Annullata all'ultimo minuto la riunione tra Zelensky e la delegazione USA di ritorno da Mosca
Modificato da: Tatyana Hurynovich
La riunione fissata per il 3 dicembre 2025 tra il Presidente ucraino Volodymyr Zelensky e la delegazione statunitense in rientro da Mosca è stata improvvisamente cancellata, generando notevole fermento negli ambienti diplomatici. Questa decisione è sopraggiunta immediatamente dopo i lunghi colloqui tenutisi nella capitale russa, senza che fonti ufficiali fornissero una spiegazione immediata per il cambiamento nel programma.
La squadra negoziale americana era composta dallo Special Envoy Steve Witkoff e da Jared Kushner, genero dell'ex Presidente Donald Trump. Martedì 2 dicembre 2025, i due avevano trascorso quasi cinque ore al Cremlino in consultazioni con il Presidente russo Vladimir Putin, focalizzate sul piano di pace americano per l'Ucraina. Yuri Ushakov, assistente del Presidente della Federazione Russa, ha descritto tali negoziati come “costruttivi, molto utili e sostanziali”, pur precisando che non si era giunti a un “compromesso”. Ushakov ha inoltre indicato che è stata discussa la “sostanza” dei documenti americani, con Mosca che ha accettato alcuni aspetti del piano ma ne ha respinti altri.
Le principali divergenze emerse, secondo fonti vicine ai negoziati, riguardavano tre posizioni ritenute “rigide” da parte russa: la questione dello status territoriale del Donbass, la limitazione del numero di effettivi delle Forze Armate ucraine e il riconoscimento da parte della Russia delle rivendicazioni territoriali. Originariamente, il piano di pace americano presentato a Kiev contava 28 punti; tuttavia, dopo le consultazioni a Ginevra con la parte ucraina, era stato ridotto a 19 punti per tenere maggiormente in considerazione le esigenze di sicurezza nazionale.

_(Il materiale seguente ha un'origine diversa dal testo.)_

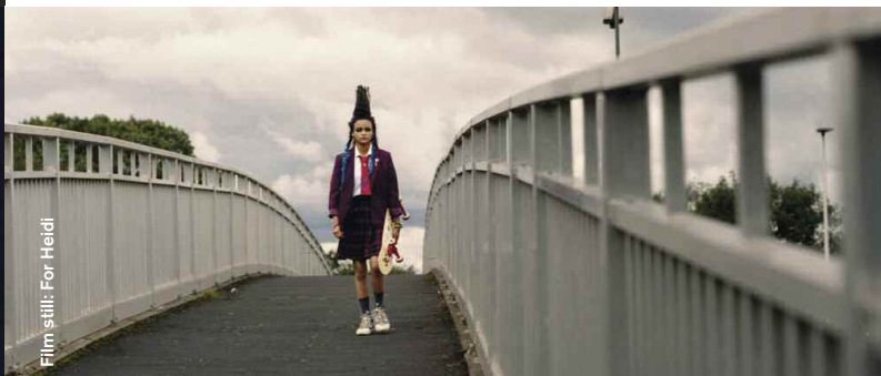
Film still: For Heidi

Joy (Drama), Dir: Alexandra Brodski, 20:00 Ein Insasse einer Jugendstrafanstalt ist von einer 10-Jährigen mit einer besonderen Macht fasziniert. A teenage inmate at a juvenile detention centre is drawn to a 10-year-old girl with an intoxicating power.
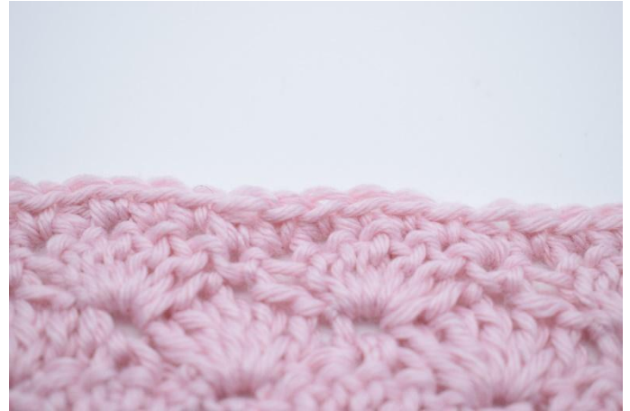
8. Répéter jusqu'à la fin. Couper le fil et le cacher.
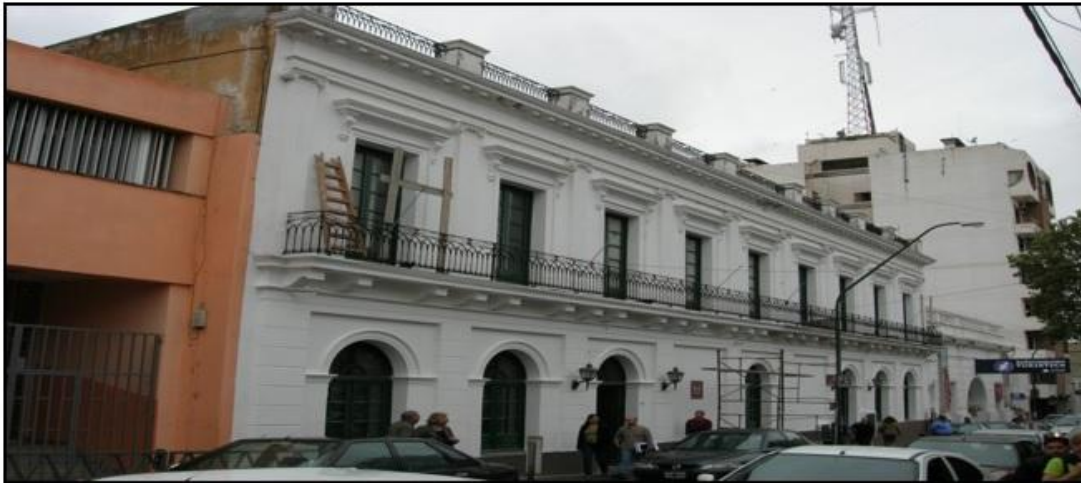
Figura 5. Área centro de la ciudad donde se observa la presencia de oficinas públicas. Tribunales, Turismo y Cultura Provincial, Banco Nación.

ejemplo los trabajos de Cristina Carballo sobre Buenos Aires (2002) 20 , de Adriano Rovira sobre Santiago de Chile (2002) 21 y de Oscar Sobarzo sobre Brasil (2002) 22 .

L'aereo dei rappresentanti statunitensi, secondo quanto riportato dai controllori del traffico aereo europei, si è diretto direttamente a Washington senza scali intermedi in Europa. Questo dettaglio è interpretato dagli analisti come un segnale della necessità di una rapida revisione interna dei risultati ottenuti a Mosca prima di intraprendere ulteriori mosse. Il giornalista Alex Raufoğlu ha confermato l'annullamento dell'incontro a Bruxelles e il conseguente rientro del Presidente Zelensky in Ucraina.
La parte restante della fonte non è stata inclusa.